Remix.run Logo
gobdovan 4 hours ago

Instead of anti-fragility, I'd point you to the law of requisite variety instead. You'll notice that all AI improvements are insanely good for a week or two after launch. Then you'll see people stating that 'models got worse'. What happened in fact is that people adapted to the tool, but the tool didn't adapt anymore. We're using AI as variety resistant and adaptable tools, but we miss the fact that most deployments nowadays do not adapt back to you as fast.

chongli 4 hours ago | parent [-]

New models literally do get worse after launch, due to optimization. If you charted performance over time, it'd look like a sawtooth, with a regular performance drop during each optimization period.

That's the dirty secret with all of this stuff: "state of the art" models are unprofitable due to high cost of inference before optimization. After optimization they still perform okay, but way below SOTA. It's like a knife that's been sharpened until razor sharp, then dulled shortly after.

girvo 3 hours ago | parent | next [-]

> If you charted performance over time, it'd look like a sawtooth

People have, though, and it doesn't show that. I think it's more people getting hit by the placebo effect, the novelty effect, followed by the models by-definition non-determinism leading people to say things like "the model got worse".

gobdovan 3 hours ago | parent | prev [-]

Is this insider info? The 'charted performance' caught my eye instantly. Couple things I find odd tho: why sawtooth? it would likely be square waves, as I'd imagine they roll down the cost-saving version quite fast per cohort. Also, aren't they unprofitable either way? Why would they do it for 'profitability'?

chongli 3 hours ago | parent | next [-]

It's not insider info, it's common knowledge in the industry (Google model optimization). I think they are unprofitable either way, but unoptimized models burn runway a lot faster than optimized ones.

The reason it's not a square wave is because new optimization techniques are always in development, so you can't apply everything immediately after training the new model. I also think there's a marketing reason: if the performance of a brand new model declines rapidly after release then people are going to notice much more readily than with a gradual decline. The gradual decline is thus engineered by applying different optimizations gradually.

It also has the side benefit that the future next-gen model may be compared favourably with the current-gen optimized (degraded) model, setting up a rigged benchmark. If no one has access to the original pre-optimized current-gen model, no one can perform the "proper" comparison to be able to gauge the actual performance improvement.

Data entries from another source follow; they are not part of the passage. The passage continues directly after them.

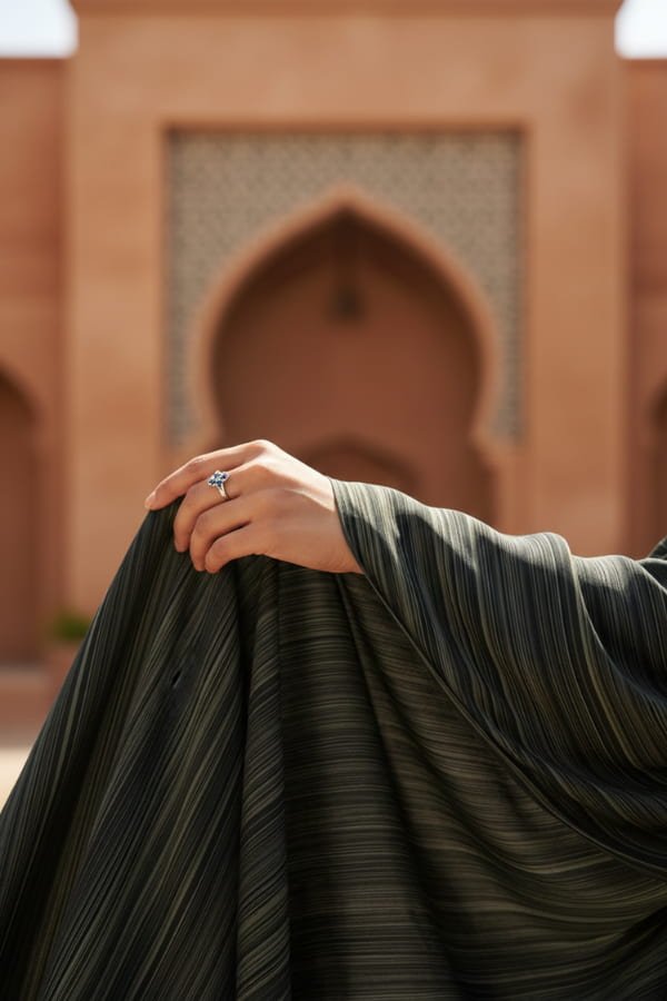 Designed for looking elegant, draped nicely, and feeling soft and light. Barbie crepe abaya fabric is known for its gentle flow and matte finish. It makes an elegant shape that looks good with both modern and classic abaya styles. Crafted from high-quality polyester barbie crepe, This abaya fabric is light but strong, and it breathes well and feels great on the skin. It’s perfect for everyday wear, formal events, and custom designing. It is easy to sew and style, and it looks great with embroidery, pleats, and elaborate motifs.
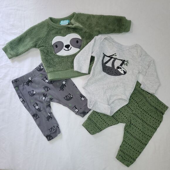 Pekkle Size 3 Months Green Sloth Baby 4 Piece Outfit Set
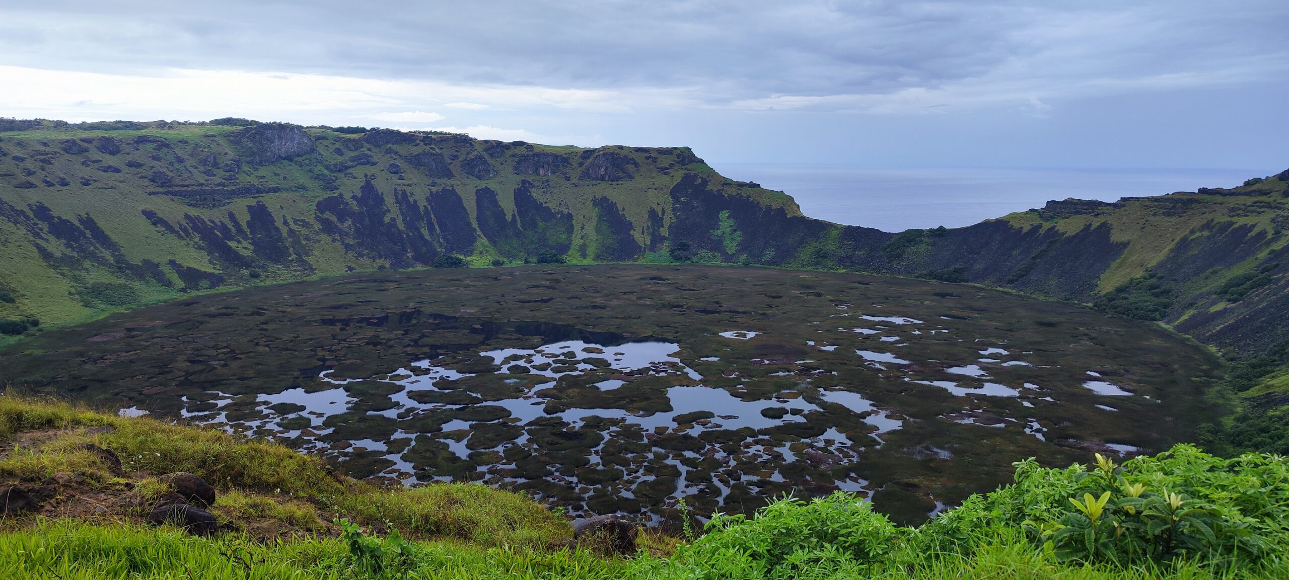 Explora la aldea ceremonial de Orongo y el volcán Rano Kau, uno de los lugares más emblemáticos de Rapa Nui.
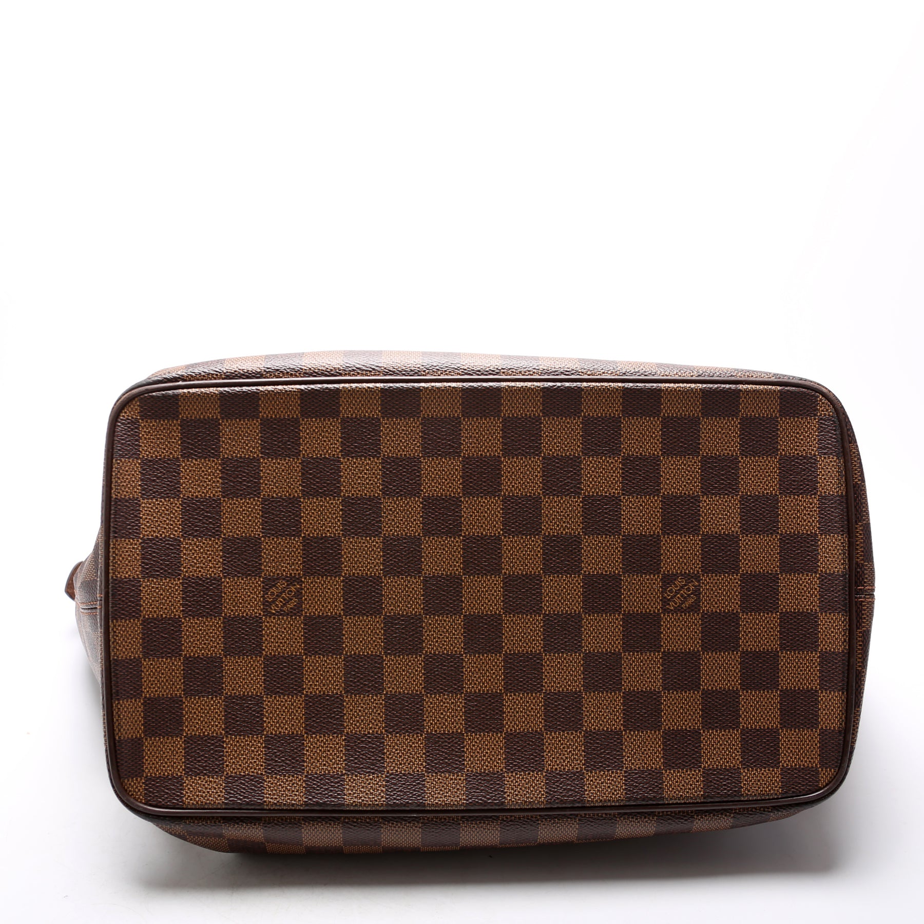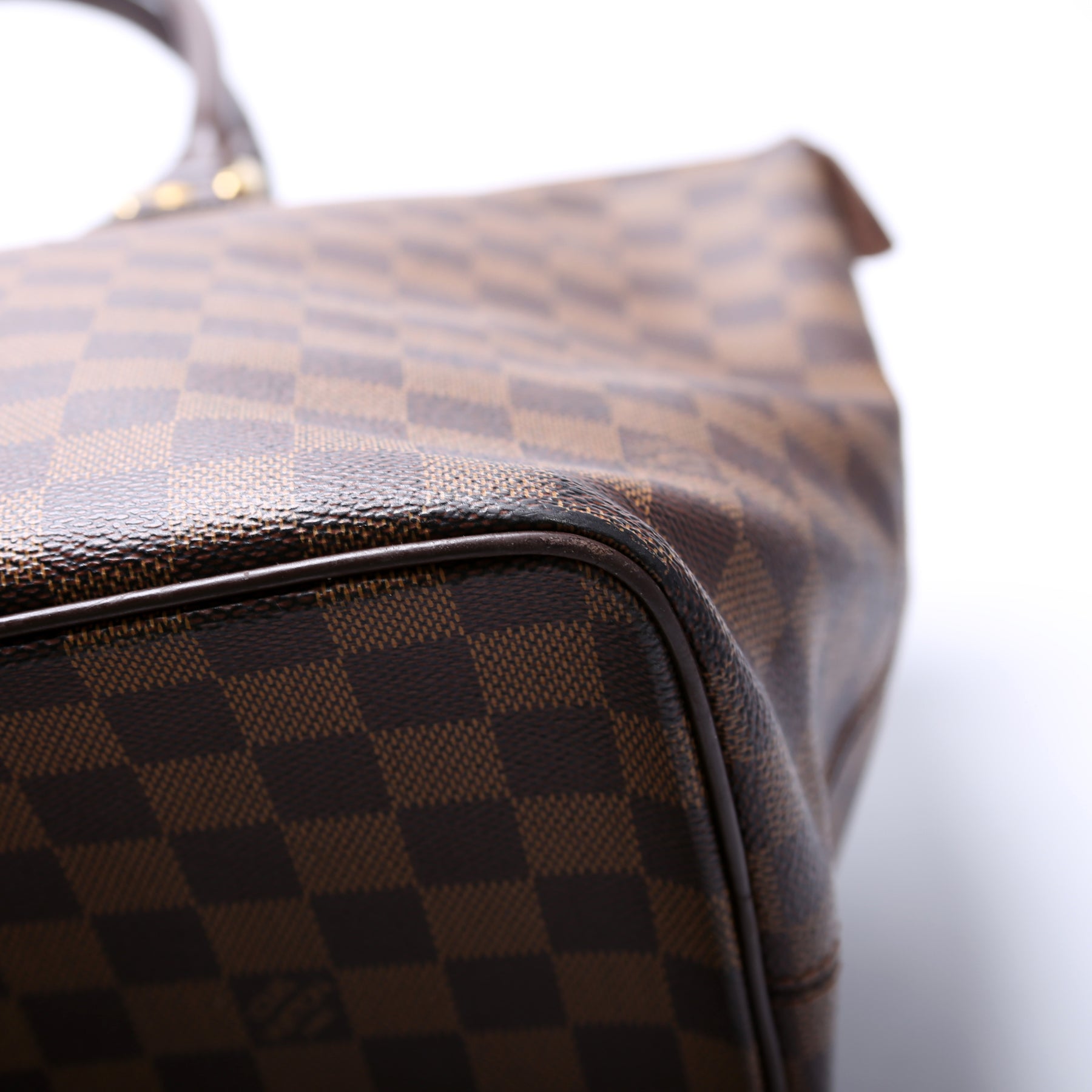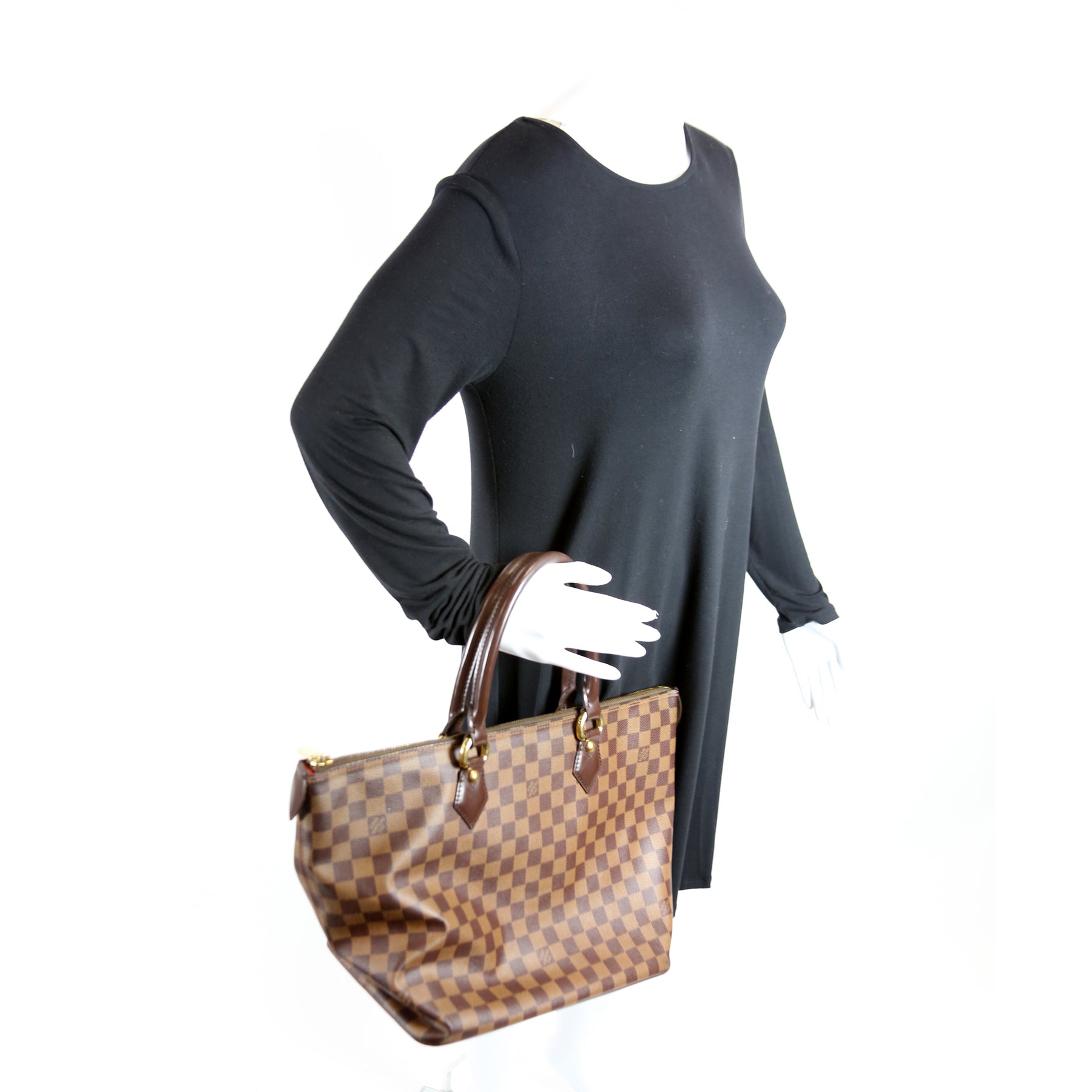 This pre-owned Louis Vuitton Saleya MM is guaranteed 100% authentic. The exterior is in the classic Louis Vuitton Damier Ebene coated canvas.

Lastly, I would point out that vendors like OpenAI are already known to substitute previous-gen models if they determine your prompt is "simple." You should also count this as a (rather crude) optimization technique because it's going to degrade performance any time your prompt is falsely flagged as simple (false positive).

bonoboTP 3 hours ago | parent | prev [-]

It's rumors based on vibes. There are attempts to track and quantify this with repeated model evaluations multiple times per day, this but no sawtooth pattern has emerged as far as I know.